J’ai du avoir affaire à un exhibitionniste 5 ou 6 fois dans ma vie. La plupart du temps, soit il s’exhibait, soit il se masturbait en plus. J’avais 9 ans la première fois.
Même si juridiquement ce ne sont pas, je crois, des agressions sexuelles, c’est bien ainsi que je les ai vécues.

Dans le texte « Tu seras violée ma fille« , j’avais expliqué combien les injonctions sociales conditionnaient les femmes à avoir peur alors que les hommes courent également des risques dans l’espace public, risques d’ordre différent – ils sont beaucoup plus agressés physiquement mais beaucoup moins sexuellement – .

Cette éducation, ce formatage à la peur conduit à plusieurs choses :

- beaucoup de femmes ont peur. Parfois la peur est même irrationnelle. Germaine Greer explique qu’une étude a montré que les femmes victimes d’exhibitionnistes avaient eu comme tout premier sentiment, l’idée qu’elles allaient mourir. Rationnellement, un homme la bite à l’air est particulièrement vulnérable. Pourtant l’on a tellement accordé de pouvoir à ces quelques cm de chair, que, même lorsqu’il est le plus vulnérable il reste dangereux.

- Beaucoup de femmes ne se défendent pas. Despentes explique que lors de son viol, elle n’a pas tenté de se défendre alors qu’elle l’aurait sans doute fait s’il s’était agi de la voler. Il ne s’agit evidemment pas ici de culpabiliser qui que ce soit à ce sujet mais de comprendre pourquoi une femme peut être parfaitement apte à se défendre lors d’agressions graves et beaucoup moins lorsque la possibilité d’une agression sexuelle existe.

- les violeurs et agresseurs sexuels vivent une totale impunité. A partir du moment où il est clair pour tout le monde qu’une femme doit se protéger face au viol, alors il devient clair pour tout le monde qu’on ne peut « rien faire contre ça » et que les agressions sexuelles et viols sont des phénomènes naturels, logiques, permanents et immuables comme le rythme des saisons. Par se protéger on entend bien sûr restreindre leur liberté de mouvement. Il ne viendrait à l’idée de personne de dire à un homme « écoutez tu ne sors pas car potentiellement tu pourrais violer quelqu’un ; tu fais partie d’une groupe social à risques après tout » alors qu’il ne gêne à personne de dire à une femme « ne sors pas car tu pourrais être violée ». Le rôle de victime est visiblement très normal à endosser pour une femme.

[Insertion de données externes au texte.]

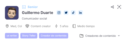 Define habilidades, descripción, responsabilidades y detalles la oferta en segundos gracias a nuestra IA. Utiliza atributos excluyentes y ajusta el algoritmo de matching para encontrar talentos afines.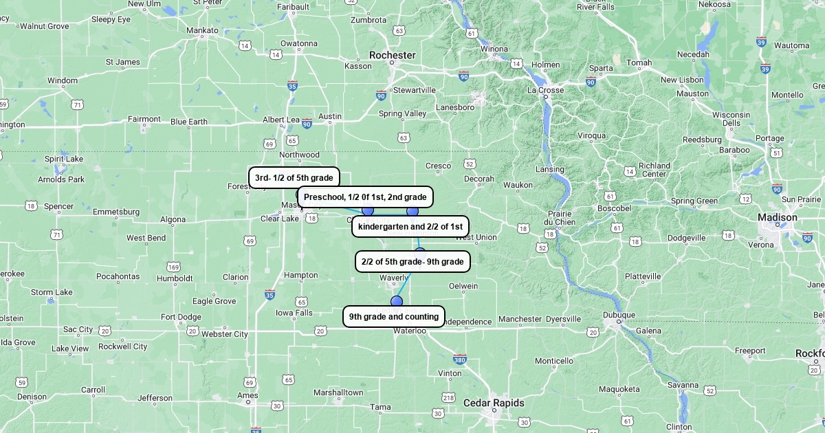This map shows where and when I lived in these places around my lifetime.

De la même façon on enjoindra aux femmes de ne pas se tenir seule dans un lieu isolé, ni de boire dans une soirée, ni de consommer des substances diverses etc.

- beaucoup d’hommes sont dans l’impossibilité d’exprimer leurs peurs. Il sera très difficile à un homme de dire qu’il a peur de rentrer chez lui le soir, qu’il ne se sent pas à l’aise face à des groupes d’hommes. On attend de lui qu’il se défende en toute occasion, voire même parfois qu’il agresse (je ne parle pas ici à un niveau sexuel mais il n’est pas mal vu qu’un jeune adolescent soit parfois poussé, sinon absolument pas découragé, à avoir une conduite dite virile qui peut passer par la violence.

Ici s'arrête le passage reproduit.